Goal of the exercise: Reproduce exactly, and only, the lines below from the one containing "さあ、いよいよ宿泊活動が始まります。6年生がお見送りしてくれました!" through the one containing "Днес, пред Паметника".

Information:
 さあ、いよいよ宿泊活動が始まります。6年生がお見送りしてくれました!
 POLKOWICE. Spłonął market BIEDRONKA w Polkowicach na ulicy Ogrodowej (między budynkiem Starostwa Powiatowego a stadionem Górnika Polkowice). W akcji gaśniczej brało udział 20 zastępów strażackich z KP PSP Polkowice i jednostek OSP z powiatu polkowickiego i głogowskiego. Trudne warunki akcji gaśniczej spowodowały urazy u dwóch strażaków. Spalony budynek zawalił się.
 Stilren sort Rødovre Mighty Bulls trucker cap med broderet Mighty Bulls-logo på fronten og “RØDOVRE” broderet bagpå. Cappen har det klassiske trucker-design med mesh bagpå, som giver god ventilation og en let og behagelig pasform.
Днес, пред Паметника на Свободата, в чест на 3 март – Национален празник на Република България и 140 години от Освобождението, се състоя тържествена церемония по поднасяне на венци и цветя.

* * *

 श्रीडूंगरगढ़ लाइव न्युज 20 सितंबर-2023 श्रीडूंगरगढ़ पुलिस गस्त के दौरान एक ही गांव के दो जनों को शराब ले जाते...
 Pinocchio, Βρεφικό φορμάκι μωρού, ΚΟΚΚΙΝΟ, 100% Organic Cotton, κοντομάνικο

Response to the task:
 さあ、いよいよ宿泊活動が始まります。6年生がお見送りしてくれました!
 POLKOWICE. Spłonął market BIEDRONKA w Polkowicach na ulicy Ogrodowej (między budynkiem Starostwa Powiatowego a stadionem Górnika Polkowice). W akcji gaśniczej brało udział 20 zastępów strażackich z KP PSP Polkowice i jednostek OSP z powiatu polkowickiego i głogowskiego. Trudne warunki akcji gaśniczej spowodowały urazy u dwóch strażaków. Spalony budynek zawalił się.
 Stilren sort Rødovre Mighty Bulls trucker cap med broderet Mighty Bulls-logo på fronten og “RØDOVRE” broderet bagpå. Cappen har det klassiske trucker-design med mesh bagpå, som giver god ventilation og en let og behagelig pasform.
Днес, пред Паметника на Свободата, в чест на 3 март – Национален празник на Република България и 140 години от Освобождението, се състоя тържествена церемония по поднасяне на венци и цветя.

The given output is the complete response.